Po katastrofie lotniczej pod Donieckiem Levitin obiecał również, że Tu-154 i Tu-134 zostaną zastąpione innymi statkami w ciągu 5 lat. Krewni tych, którzy zginęli w katastrofie oraz eksperci w dziedzinie lotnictwa opowiedzieli się wówczas za zakazem lotów tymi samolotami.

„W naszym przypadku śledztwo wykazało winę dowódcy. Odnieśli się do nieadekwatności jego działań, ściągnęli kierownicę na bok, co w uproszczeniu doprowadziło do przeciągnięcia samolotu. Do tego zła pogoda. Ale to wszystko są konsekwencje, a nie przyczyny katastrofy” – powiedział dziennikarzom Witalij Jusko, współzałożyciel publicznej regionalnej organizacji pomocy ofiarom katastrof lotniczych Przerwany lot.

Rok po tragedii w miejscu katastrofy kadłuba, półtora kilometra od wsi Sukhaya Balka, wzniesiono pomnik ofiar. Jest wykonany z białego betonu i jest częścią skrzydła samolotu. Wokół niego znajdują się marmurowe płyty z wygrawerowanymi widokami Petersburga i nazwiskami pasażerów lotu PLK-612.

Początkowo w skład pomnika miał wchodzić także silnik rozbitego samolotu. W tym celu komisja śledcza wydała nawet zgodę na wykorzystanie fragmentu Tu-154. Później jednak autorzy pomnika zrezygnowali z tego pomysłu, gdyż łowcy metali nieżelaznych mogli zaatakować niestrzeżony pomnik.
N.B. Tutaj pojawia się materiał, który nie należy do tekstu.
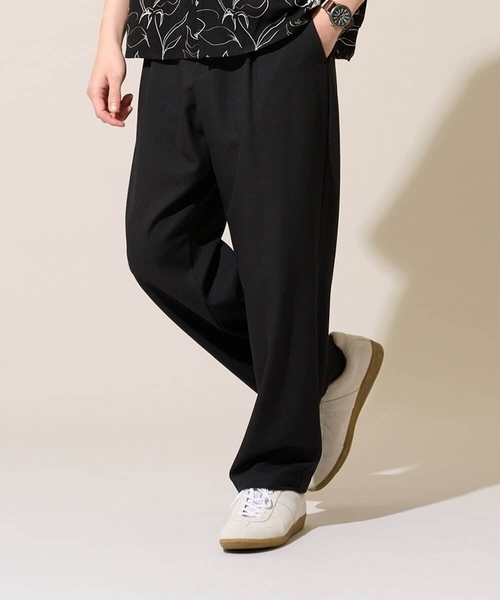 ◆多機能素材を使用したワイドイージースラックス◆ 【デザイン】 リラックススタイルに最適な大人のイージーワイドテーパードパンツの登場です。 ヒップ周りにゆとりを持たせながら程よくゆるやかにテーパードをさせた大人のワイドパンツに仕上げました。 ストレッチ性もあり、ウエストイージー仕様のためカジュアルシーンからきれいめシーンにも大変オススメです。 1本持っているだけで簡単にトレンドコーデにチェンジができるボトムです。 【素材】 高見えするメランジ感が特長的なポリエステル麻ストレッチ素材を使用。 麻の独特なメランジ感とやや落ち感がある、きれいめな風合いのある素材感がポイントです。 速乾性があり、毛玉になりにくく、イージーケア、ご自宅の洗濯機で気軽に洗えるため、デイリーユースにご着用頂けます。 【スタイリング】 同素材のジャケットを合わせたセットアップスタイルが今季らしい着こなしです。 また、ゆとりのあるデザインのため、カットソー、シャツなど様々なアイテムに合わせられる万能アイテムです。 きれいめスタイルからカジュアルスタイルまで幅広く合わせられます。 トップスをタックインしたスタイルもオススメです。 ---------------- 着用シーズン 春:◎ 夏:〇 秋:〇 冬:〇 ---------------- 透け感:なし 裏地:なし 伸縮性:あり 光沢感:なし 生地の厚さ:普通 ---------------- ≪お気に入り登録機能の使い方≫ ■商品のお気に入り登録(ハートマークをクリック) 再入荷通知や値下げ等、お得なご案内を受けることができます。 ---------------- ※商品画像は、光の当たり具合やパソコンなどの閲覧環境により実際の色味と異なって見える場合がございます。 商品の色味の目安は商品単体の画像をご参照ください。

Nr 10. Katastrofa A300 nad Zatoką Perską - 290 zabitych

Katastrofa A300 nad Zatoką Perską miała miejsce 3 lipca 1988 roku. Iran Air Airbus A300B2-203 leciał komercyjnym lotem pasażerskim IR655 na trasie Teheran-Bender-Abbas-Dubaj, ale kilka minut po starcie z Bandar Abbas, lecąc nad Zatoką Perską, został trafiony przez samolot z powierzchni do -powietrzny pocisk wystrzelony z krążownika rakietowego Vincennes Marynarki Wojennej Stanów Zjednoczonych. Wszystkie 290 osób na pokładzie samolotu zginęło: 16 członków załogi i 274 pasażerów, w tym 65 dzieci. W momencie wystrzelenia rakiety krążownik Vincennes znajdował się na irańskich wodach terytorialnych.

Rząd USA powiedział, że irański samolot został błędnie zidentyfikowany jako myśliwiec F-14 irańskich sił powietrznych. Rząd irański twierdzi jednak, że Vincennes celowo zaatakowali cywilny samolot.

Nr 9. Katastrofa Boeinga 777 w obwodzie donieckim - 298 zabitych

Do wypadku doszło 17 lipca 2014 roku we wschodniej części obwodu donieckiego na Ukrainie, kiedy samolot Boeing 777 linii lotniczych malezyjskie linie lotnicze obsługiwał regularne loty z Amsterdamu do Kuala Lumpur.


Na pokładzie samolotu znajdowało się 283 pasażerów i 15 członków załogi, wszyscy zginęli.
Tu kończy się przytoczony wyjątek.